CRA taking proactive approach in search for offshore accounts

Following news that a number of Swiss banks have signed up to a U.S. Internal Revenue Service (IRS) program to disclose information about U.S. account holders, Toronto tax litigation lawyer David J. Rotfleisch says Canada is also taking a more proactive role in pursuing undeclared offshore accounts.

Swiss banks had until the end of last year to enter into non-prosecution agreements with the IRS, under which they have to pay penalties and disclose account information about U.S. customers, Reuters reports.

“The IRS has been pressuring the Swiss government and Swiss banks for years to disclose information about U.S. citizens with Swiss bank accounts,” says Rotfleisch, founding lawyer at Rotfleisch & Samulovitch Professional Corporation, a boutique tax and business law firm specializing in tax dispute resolution.

“About 106 of more than 300 banks sought to enter into the agreements, which requires participants to disclose how they helped Americans hide assets, hand over data on undeclared accounts and pay penalties. The expectation is that the Swiss banks will advise their U.S. clients to join the IRS Offshore Voluntary Disclosure Initiative (OVDI),” he adds.

Although the Canada Revenue Agency (CRA) has been much less proactive than the U.S. in going after citizens with undeclared offshore accounts, Rotfleisch says this is changing, with the CRA's recent introduction of the Offshore Tax Informant Program (OTIP), formerly known as the Stop International Tax Evasion Program (SITEP).

“The informant program pays five to 15 per cent of the Canadian federal income tax collected as a result of information provided by whistleblowers,” he says.

However, Canadian taxpayers who have not declared their offshore income or reported offshore assets in excess of $100,000 can self-correct their Canadian income tax returns before they are caught under OTIP, explains Rotfleisch.

“They can submit a formal voluntary disclosure, in effect coming forward and correcting inaccurate or incomplete tax returns previously submitted to the Canadian tax department.”
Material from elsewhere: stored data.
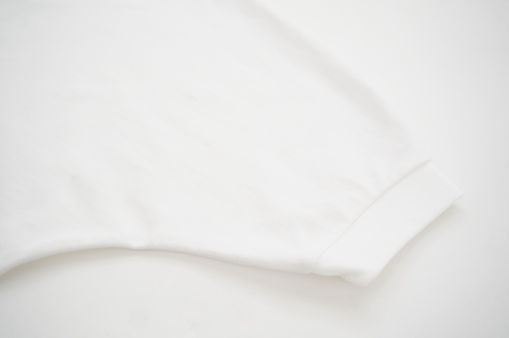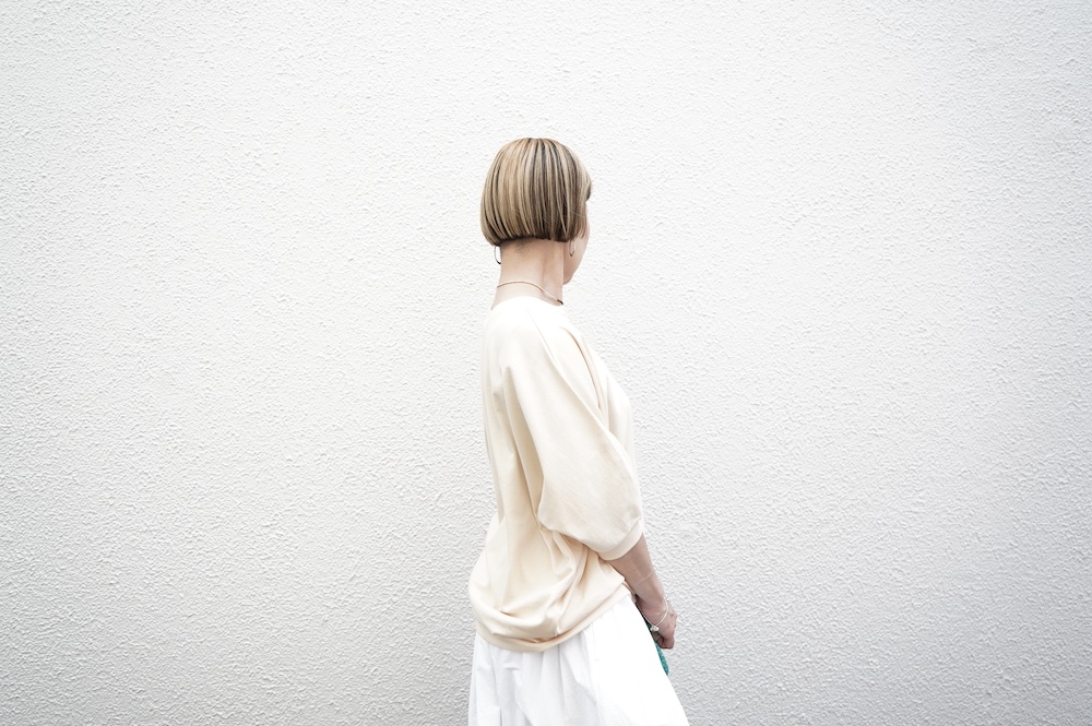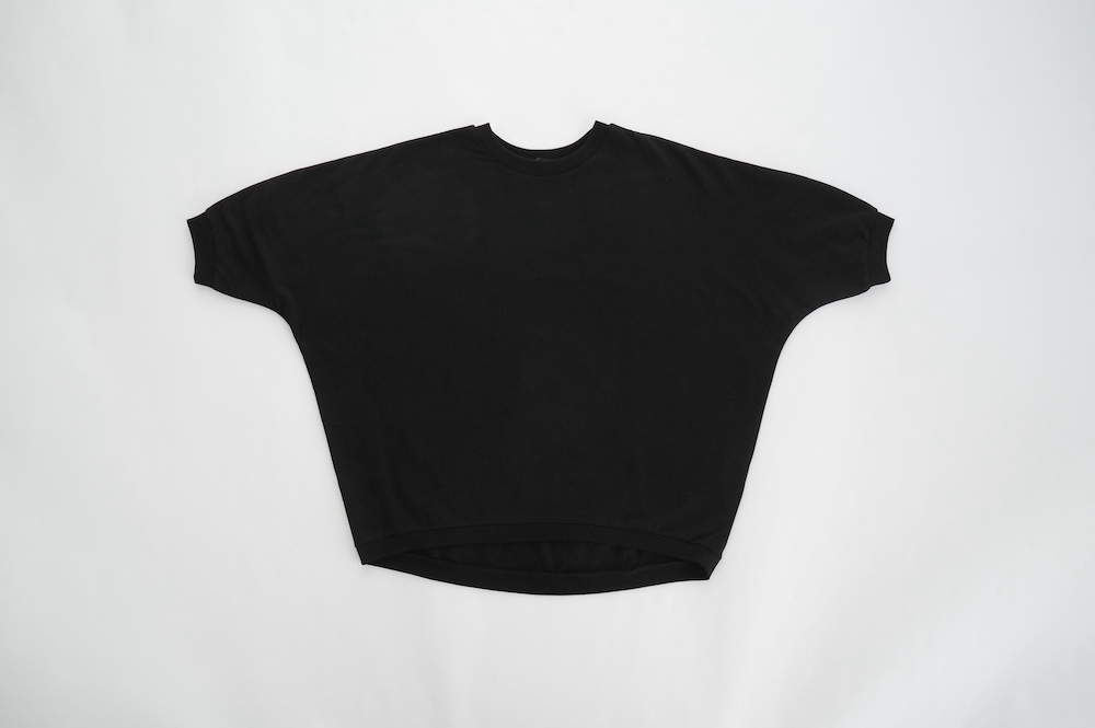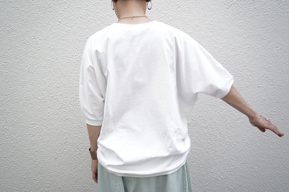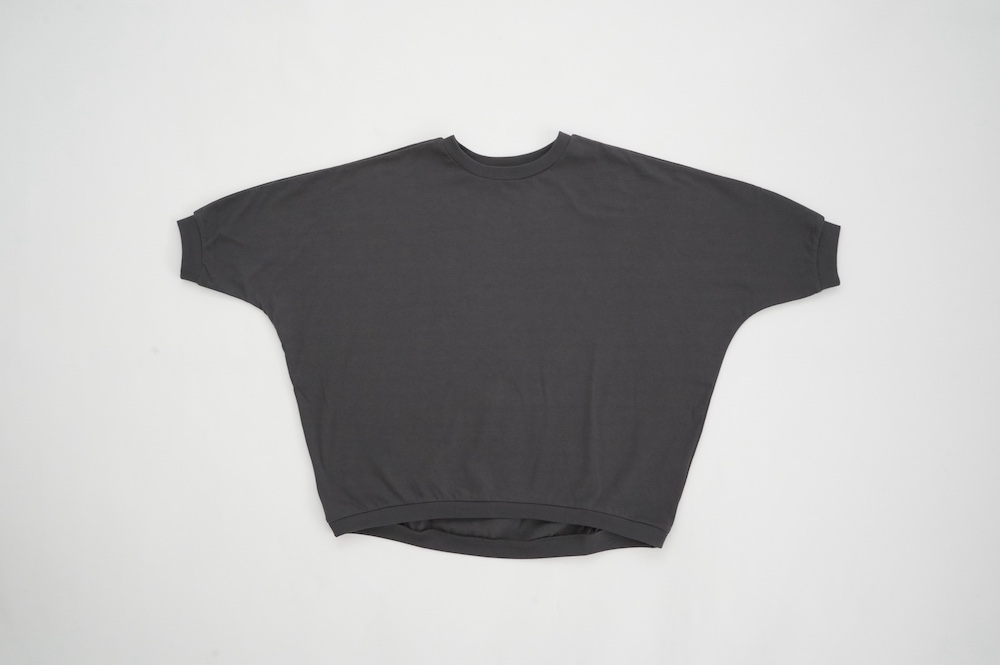 デザインはドルマンスリーブのゆとりがあるシルエットのプルオーバー。袖口のリブが肘あたりにくるので、袖周りが程よくゆとりあるシルエットに。着丈は前後差があり、後ろが少し長めになっています。デザイン性があり一枚でサマになるプルオーバーです。
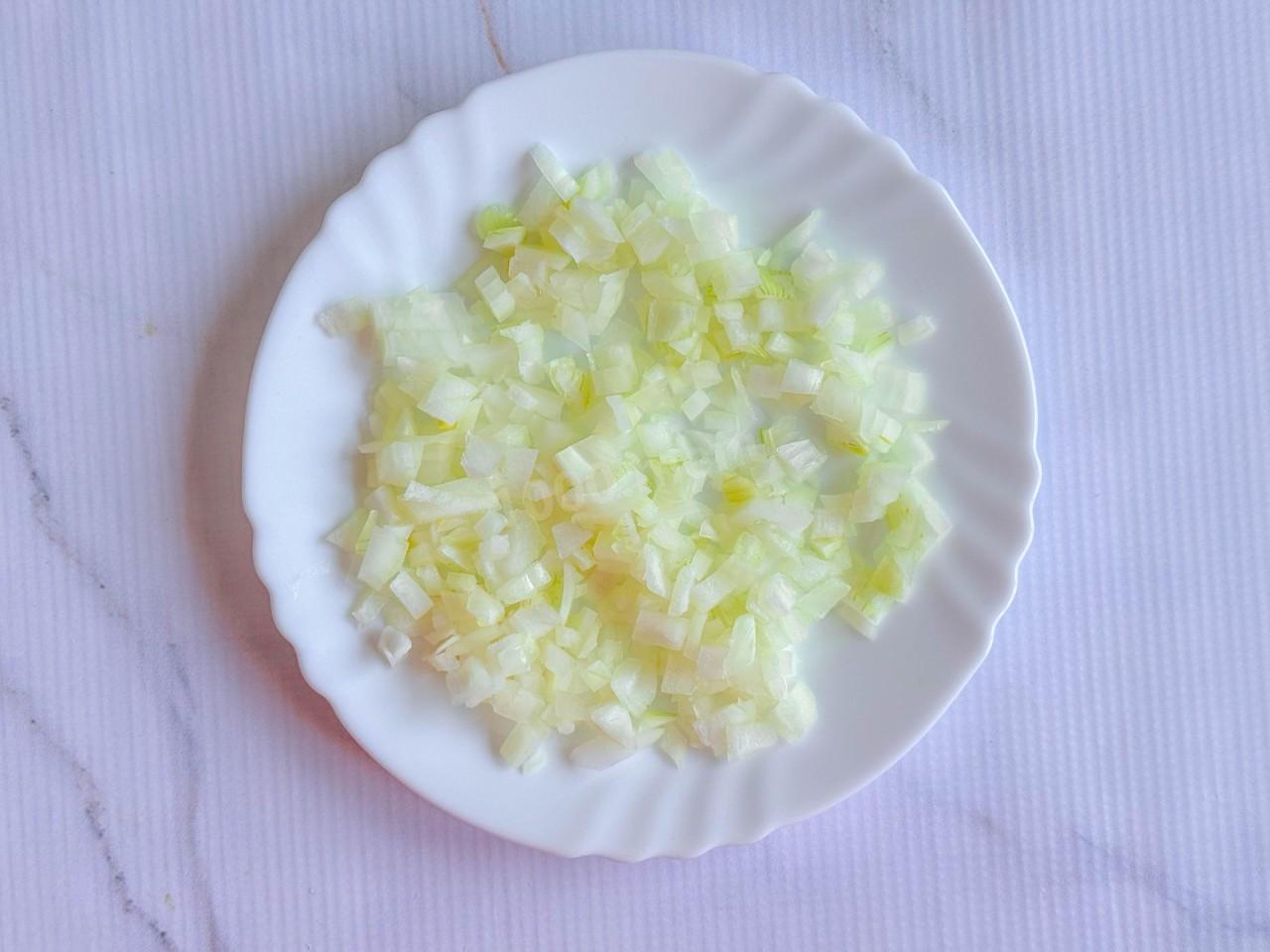 Лук очистите и нарежьте мелким кубиком. Поделите на две части, одна половина пойдет в начинку, а вторая в соус.
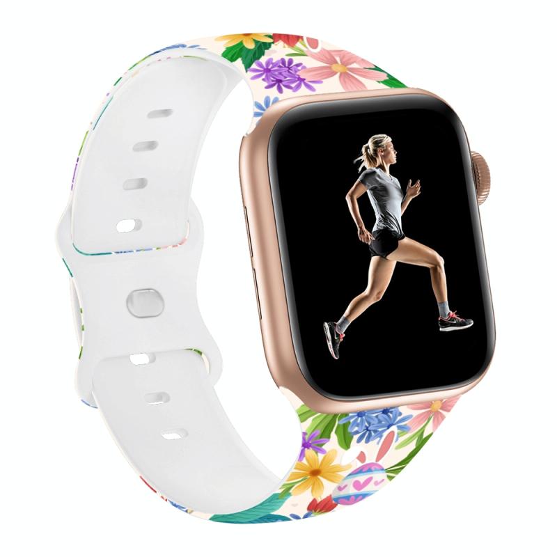 Για Apple Watch Series 4 44mm Λουρί Σιλικόνης με Αγκράφα Πεταλούδας με Εκτύπωση Πασχαλινή (Χρώμα Λουλούδια)
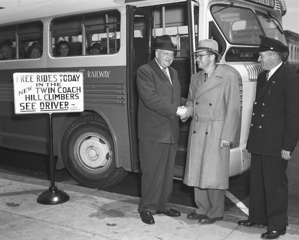 In the mid 1940s, San Francisco’s transit system was undergoing major changes. The entire system was in poor condition following World War II. City officials and then Mayor Roger Lapham looked to reduce costs by replacing old worn rail lines with new buses. Included in this plan was the Powell Street cable car lines, which were scheduled to be replaced with buses in 1947.
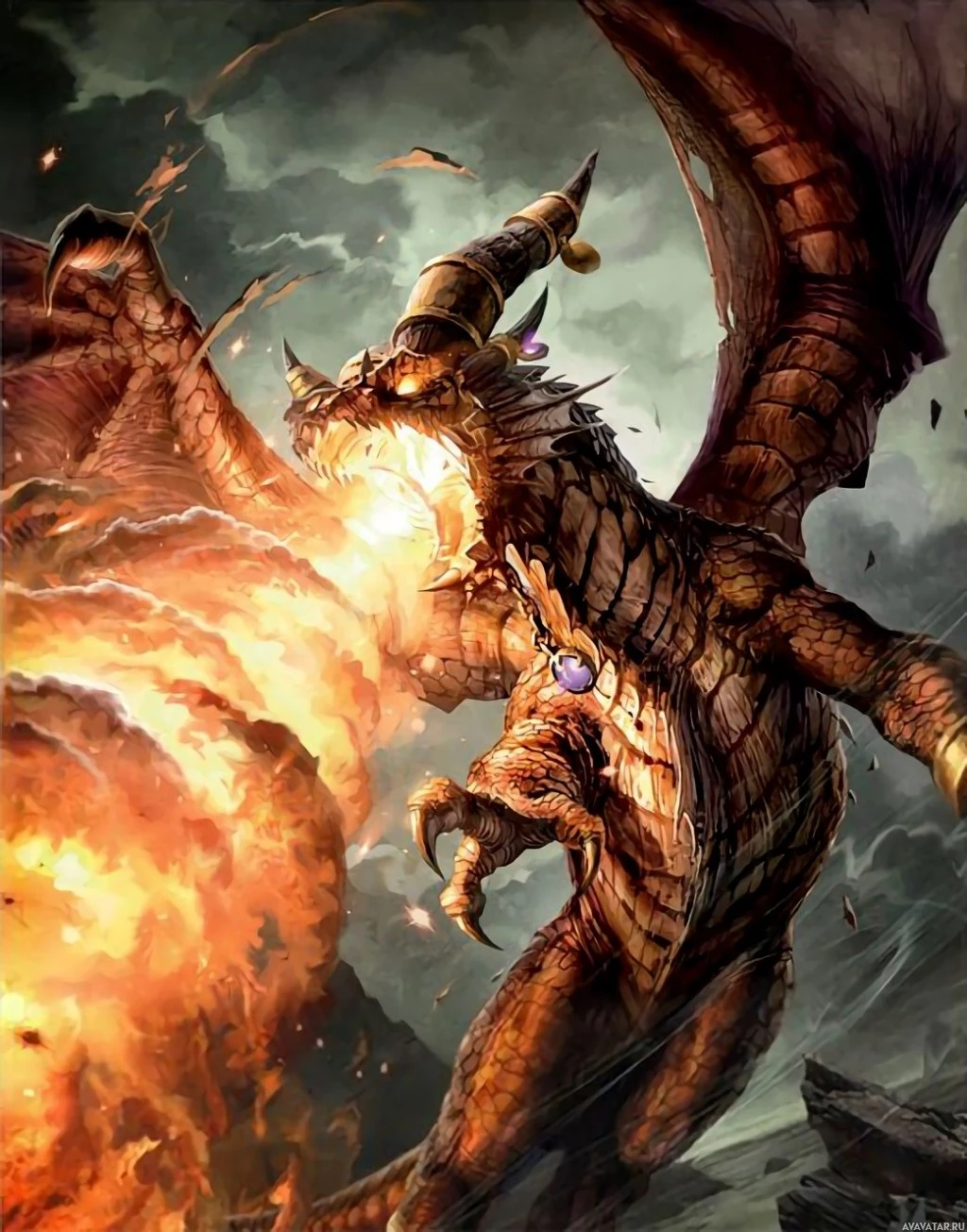 stormy sky with clouds, contributing to the dramatic atmosphere of the scene. Overall, the picture captures a sense of conflict or confrontation between the two dragons in

“The biggest protection of a voluntary disclosure is that the CRA waives tax evasion prosecution against the taxpayer. This is extremely important since a taxpayer who evades taxes faces the possibility of jail time. If a voluntary disclosure is filed, the CRA also removes any penalties that would have arisen had the non compliance been caught pre-voluntary disclosure, and taxpayers may also be provided with some interest relief,” he says.